Un tempo poteva capitare di trovare chiuso un certo negozio, le cui vetrine esponevano solo un cartello con la scritta “Chiuso per inventario”. All’interno, vuoto di clienti, era tutto un affaccendarsi di addetti all’inventario. Lavoravano in coppia: uno a gridare il numero delle unità di ciascun articolo presente sugli scaffali, l’altro a scriverlo sul registro. Una vera e propria ricerca sul campo, come del resto dice la stessa parola “inventario” (che deriva dal latino invenire, cioè appunto trovare). Oggi il conteggio fisico è ormai superato, ma la gestione delle scorte (o del magazzino, come anche si dice) resta un pilastro della gestione delle aziende commerciali e manifatturiere.
Indice
Cosa sono le rimanenze
Le rimanenze sono i beni che l’azienda ha acquistato, o per rivenderli oppure per utilizzarli nel suo ciclo produttivo. Le scorte delle aziende commerciali consistono principalmente di merci destinate alla vendita, quelle delle aziende manifatturiere consistono di materie prime, di semilavorati e di prodotti finiti. Quali problemi pone la gestione delle scorte, e perché queste sono così importanti? Occorre dire, innanzi tutto, che il valore monetario delle scorte (non dimentichiamo che queste figurano fra le attività correnti) dipende dal tipo di azienda e dal contesto della valutazione. Gli esercizi commerciali adottano un sistema, le aziende manifatturiere ne adottano un altro. Anche nella stessa azienda può accadere che si adottino diversi metodi di valutazione, per i diversi beni che costituiscono le scorte (sarà bene precisare, in nota al bilancio, qual è il metodo adottato nei diversi casi). Il valore delle scorte, oltre a concorrere direttamente alle attività finanziarie totali dell’azienda, è uno dei fattori chiave per la determinazione del costo delle merci vendute e, quindi, anche dell’utile di esercizio. Le scorte hanno rilevanza operativa, oltre che finanziaria. Esiste infatti un livello ottimale di scorte per ciascuno dei beni che concorrono al processo produttivo: questi devono essere disponibili in quantità sufficiente a soddisfare il fabbisogno produttivo, ma non tanto grande da sottrarre inutilmente liquidità, o da occupare inutilmente lo spazio e gli impianti di immagazzinamento.

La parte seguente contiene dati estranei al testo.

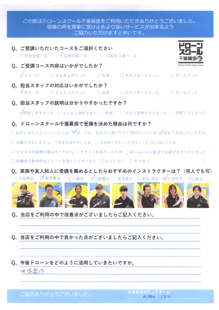 - ドローンスクール千葉幕張で受講を決めた理由は何ですか?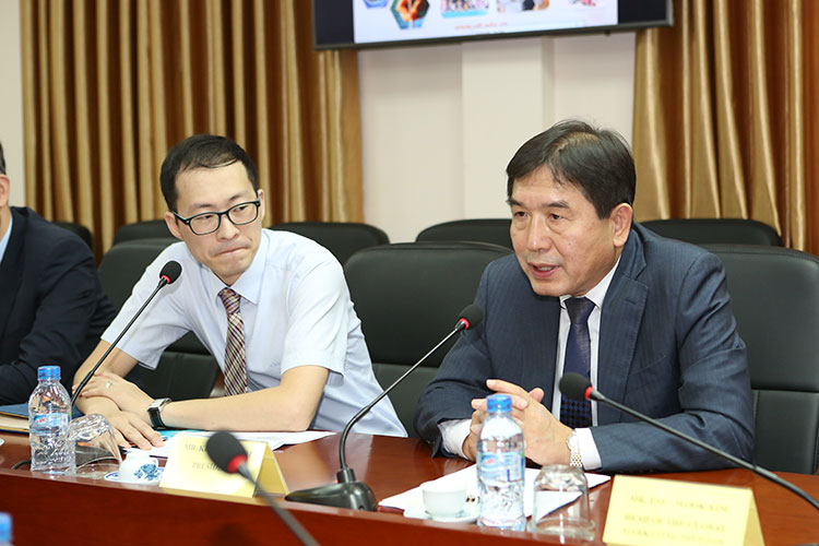 Ngài Chủ tịch Ki-Hwan Kim - Trưởng đoàn công tác của Viện nghiên cứu đường sắt Hàn Quốc cảm ơn sự tiếp đón chu đáo của Trường Đại học Công nghệ GTVT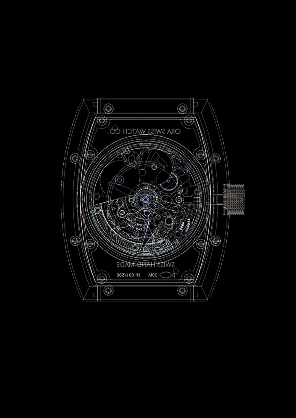 Automatic, Ora P100.2 calibre, 32 jewels, double barrels, tungsten monoblock rotor, ceramic ball bearings, treated plates, circular-grained, chamfered gear trains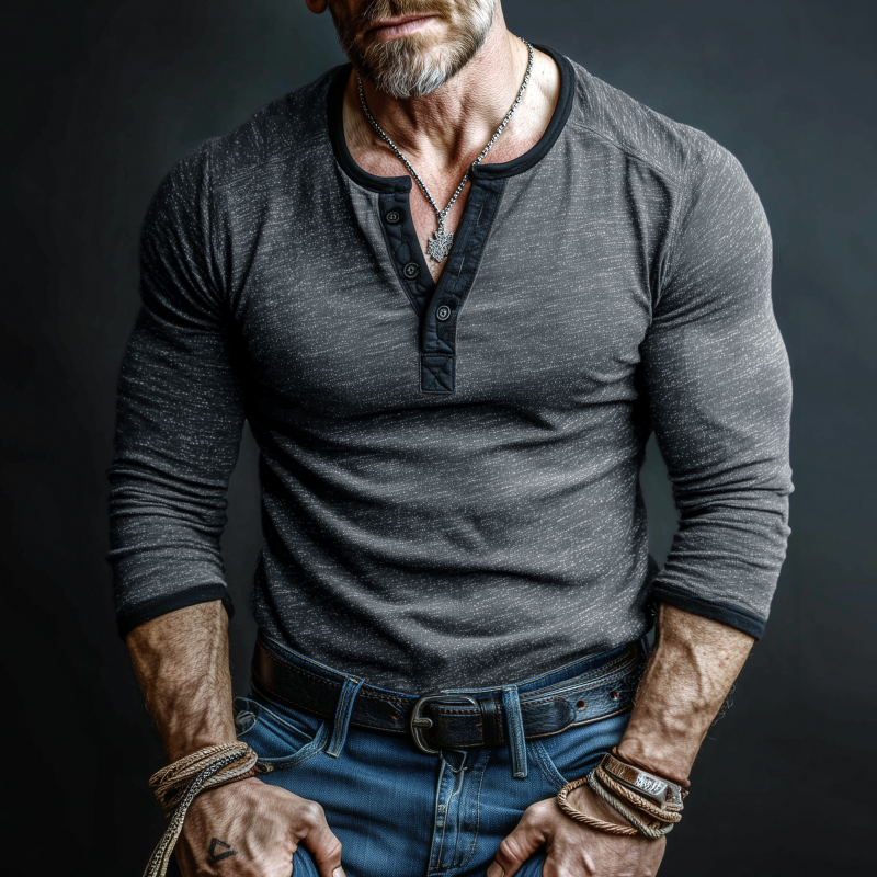 Roberto | Men'S Casual Cotton Contrast Color Patchwork Henry Collar Slim Fit Long Sleeve T-Shirt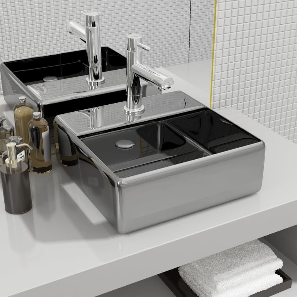 Vidaxl Umivalnik z odprtino za pipo 38x30x11,5 cm keramičen srebrn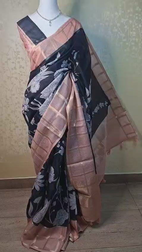 The contrasting charcoal-black pallu and body panel are adorned with bold floral prints in soft ivory tones, lending an artistic and contemporary character to the saree. The interplay of delicate checks and statement florals creates a balanced design that feels both classic and modern. A subtle zari-accented border enhances the look with a gentle touch of sheen.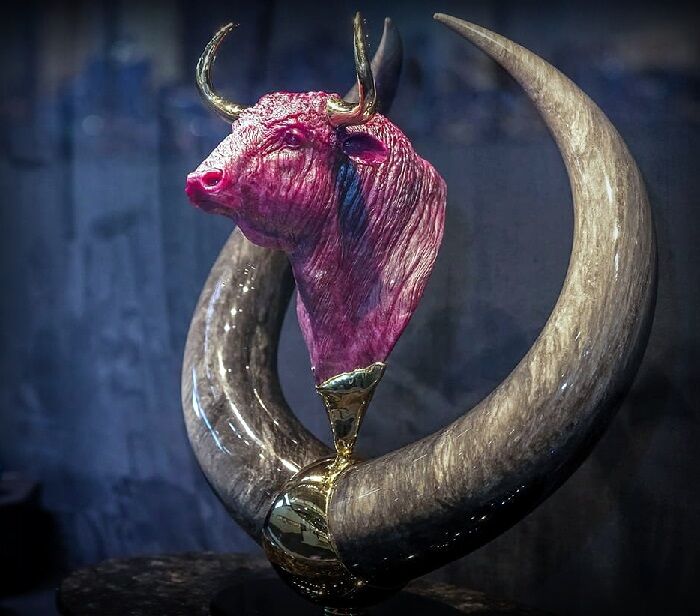 Голова быка Henn of London из желтого золота и танзанийского рубина. Камнерезное искусство бренда «Henn».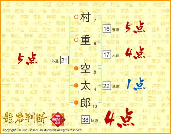 村(7画)重(9画) 空(8画)太(4画)郎(10画)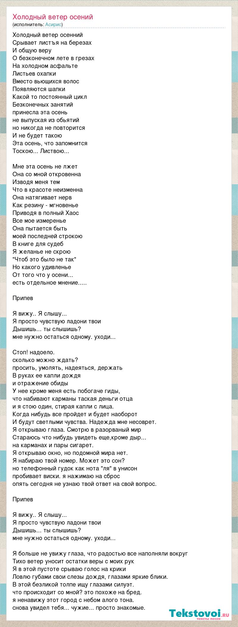 Холодный ветер осенний Срывает листъя на березах И общую веру О безконечном лете в грезах На холодном асфальте Листьев охапки Вместо вьющихся волос Появляются шапки Какой то постоянный цикл Безконечных занятий принесла эта осень не выпуская из обьятий но никогда не повторится И не будет такою Эта осень, что запомнится Тоскою... Листвою... Мне эта осень не лжет Она со мной откровенна Изводя меня тем Что в красоте неизменна Она натягивает нерв Как резину - мгновенье Приводя в полный Хаос Все мое измеренье Она пытается быть моей последней строкою В книге для судеб Я желанье не скрою "Чтоб это было не так" Но какого удивленье От того что у осени... есть отдельное мнение..... Припев Я вижу.. Я слышу... Я просто чувствую ладони твои Дышишь... ты слышишь? мне нужно остаться одному. уходи... Стоп! надоело. сколько можно ждать? просить, умолять, надеяться, держать В руках ее капли дождя и отражение обиды У нее кроме меня есть побогаче гиды, что набивают карманы таская деньги отца и я стою один, стирая капли с лица. Когда нибудь все пройдет и будет наоборот И будут светлыми чувства. Надежда мне несоврет. Я открываю глаза. Смотрю в разорваный мир Стараюсь что нибудь увидеть еще,кроме дыр... на карманах и пары сигарет. Я открываю окно, но подомной мира нет. Я набираю твой номер. Может это сон? но телефонный гудок как нота "ля" в унисон пробивает виски. я нажимаю на сброс опять сегодня не узнаю твой ответ на свой вопрос. Припев Я вижу.. Я слышу... Я просто чувствую ладони твои Дышишь... ты слышишь? мне нужно остаться одному. уходи... Я больше не увижу глаза, что радостью все наполняли вокруг Тихо ветер уносит остатки веры с моих рук Я в этой пустоте срываю голос на крики Ловлю губами свои слезы дождя, глазами яркие блики. В этой безликой толпе ищу глазами силуэт. что происходит со мной? это похоже на бред. я ненавижу этот город с небом алого тона. снова увидел тебя... чужие... просто знакомые.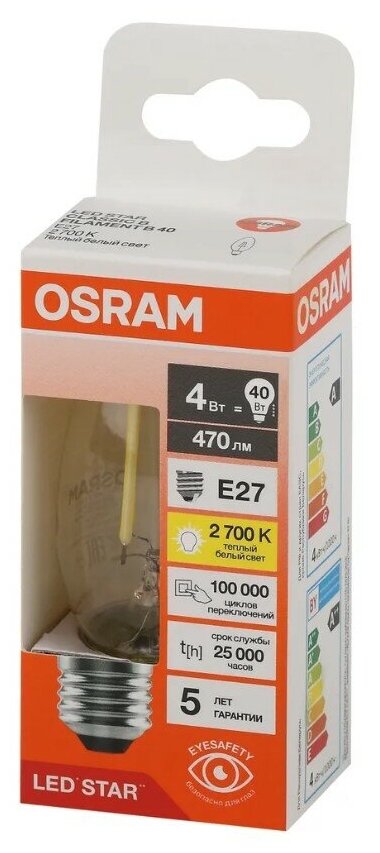 Отзывы на Лампа Светодиодная Свеча 4W 220-240V E27 470Лм 2700К Угол 300 град. D-35mm L-100mm Филаментная Стекло Свет Теплый белый OSRAM, уп. 10шт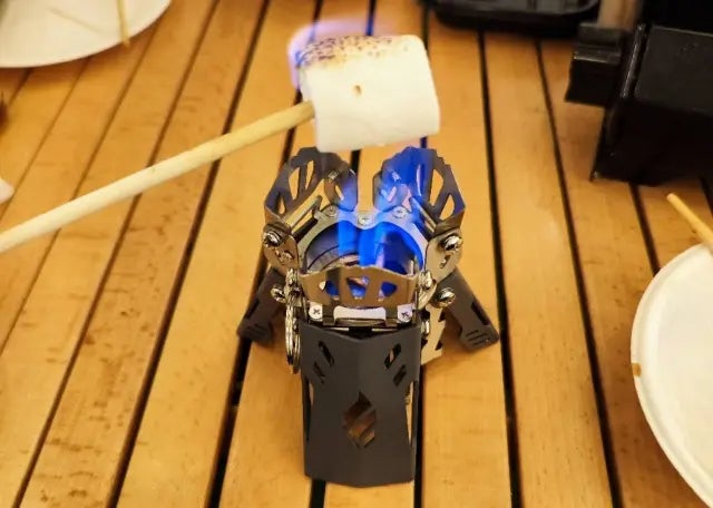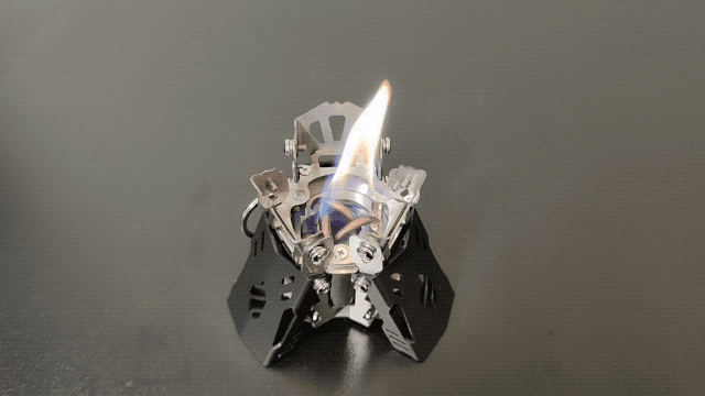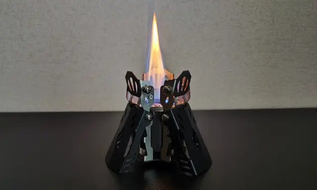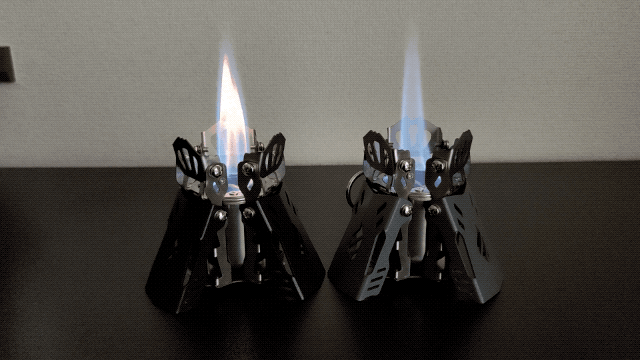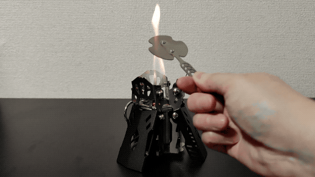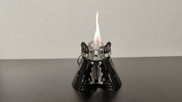 アルコールストーブ「Fire Beast4」は、三本に分かれた炎がゆらゆらと揺れる、小さな焚き火のような美しい炎を楽しむことができます。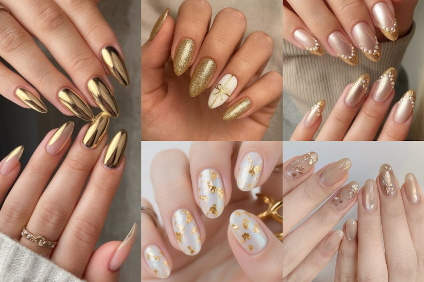 金色美甲一直是過年期間非常熱門又討喜的指彩款式。金色象徵財富、繁榮與好運,與新年所傳遞的祝福意涵高度契合,能夠自然的流露出對來年順遂與富足的期待。與經典的純紅色相比,金色多了一份輕盈、現代的氣息,既可以保留節慶的正式度,又不會顯得老氣。亮金、細閃、霧面等不同質地的金色,都能呈現出各自的風格,並與紅色、珍珠等元素搭配出喜慶卻不浮誇的效果。不管是與哪一種甲型組合,金色都能展現出內斂的高級感,在走春、拜年等聚會場合中更能顯得得體、有品味,成為過年最不容易出錯的美甲選擇之一。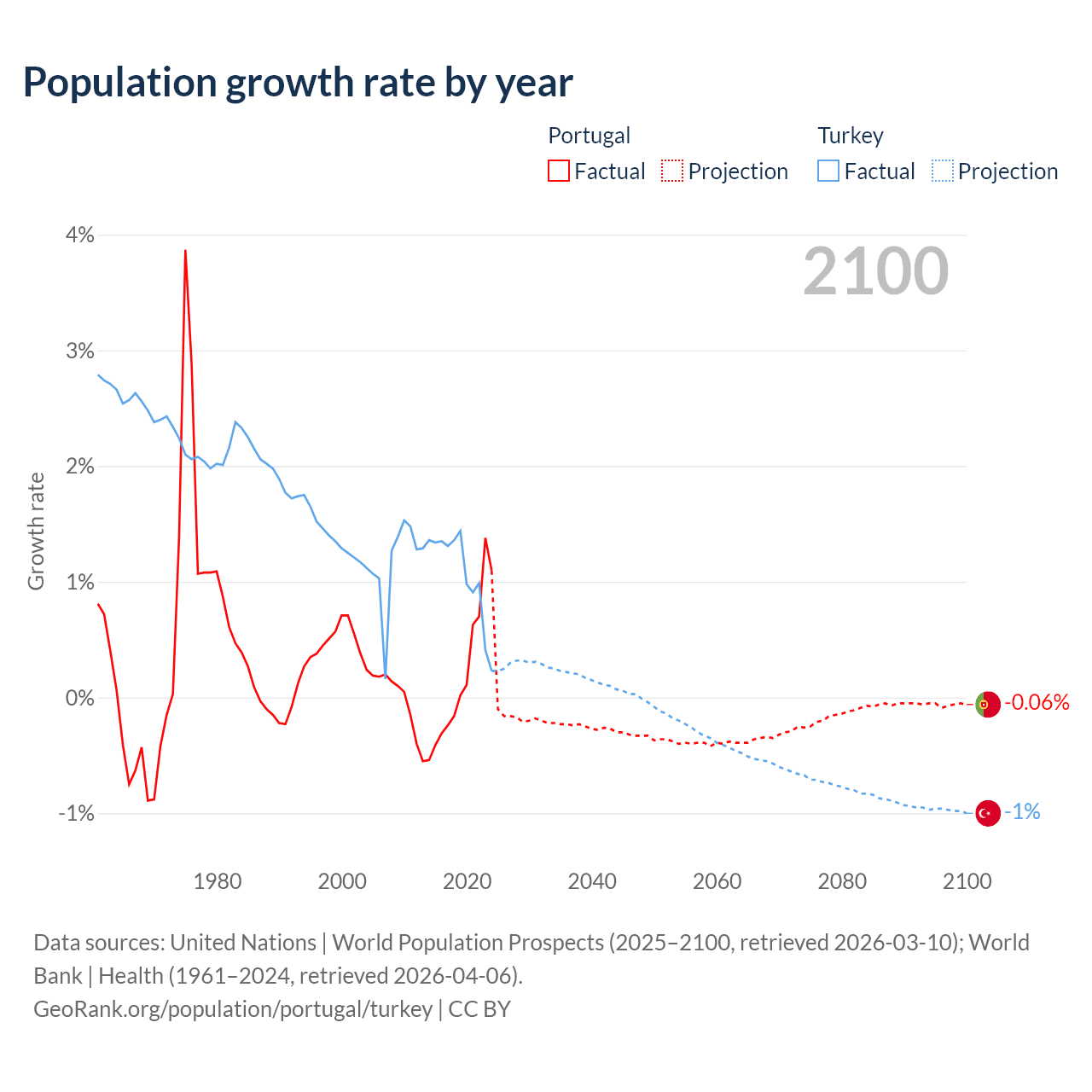 Data sources: World Bank | Health (1960–2024, retrieved 2026-04-06); United Nations | World Population Prospects (1960–2026, retrieved 2026-03-10); U.S. Census Bureau (1960–2025, retrieved 2026-02-08); Central Intelligence Agency (CIA) (2000–2019, retrieved 2026-02-20).

Se le scorte non hanno il giusto livello, si corre il rischio di dover interrompere la produzione, oppure di perdere una parte del materiale per le cattive condizioni di immagazzinamento: in ogni caso ne consegue una perdita finanziaria per l’azienda.
È dunque importante controllare attentamente i livelli delle scorte. Questi non interessano solo i responsabili aziendali, per una corretta gestione operativa, ma anche tutti coloro che vogliono valutare lo stato e le prospettive di un’azienda, o di un settore, perché il loro andamento è una buona spia della situazione congiunturale.
Tipologia delle rimanenze
Le aziende, siano esse commerciali o manifatturiere, controllano le scorte per mantenerle a livelli che consentano di alimentare senza difficoltà il ciclo produttivo, con il minimo impegno di liquidità.
Prodotti finiti
Negli esercizi commerciali, tanto in quelli all’ingrosso quanto in quelli al minuto, le scorte sono costituite da prodotti finiti, ovvero da merci pronte per la vendita. Il livello ideale delle scorte, in questo caso, coincide con quello della richiesta da parte della clientela, periodo per periodo e articolo per articolo. | responsabili cercano di approssimarsi a questa situazione ideale studiando a fondo le preferenze del pubblico e controllando in grande dettaglio il livello e il movimento delle scorte. Nessuna azienda vuole certo restare a corto di un articolo che il mercato domanda ancora. Nello stesso tempo, nessuna azienda vuole immagazzinare troppe scorte, per vedersene magari rovinare una parte o per trovarsela invenduta a fine stagione, o quando il mercato non ne domanda più. Del resto noi tutti conosciamo i modi in cui le aziende commerciali ci allettano per alleggerire le loro scorte, quando ne hanno bisogno: i prezzi “di grande convenienza” praticati dai magazzini specializzati negli articoli un po’ datati, i saldi di fine stagione, e così via.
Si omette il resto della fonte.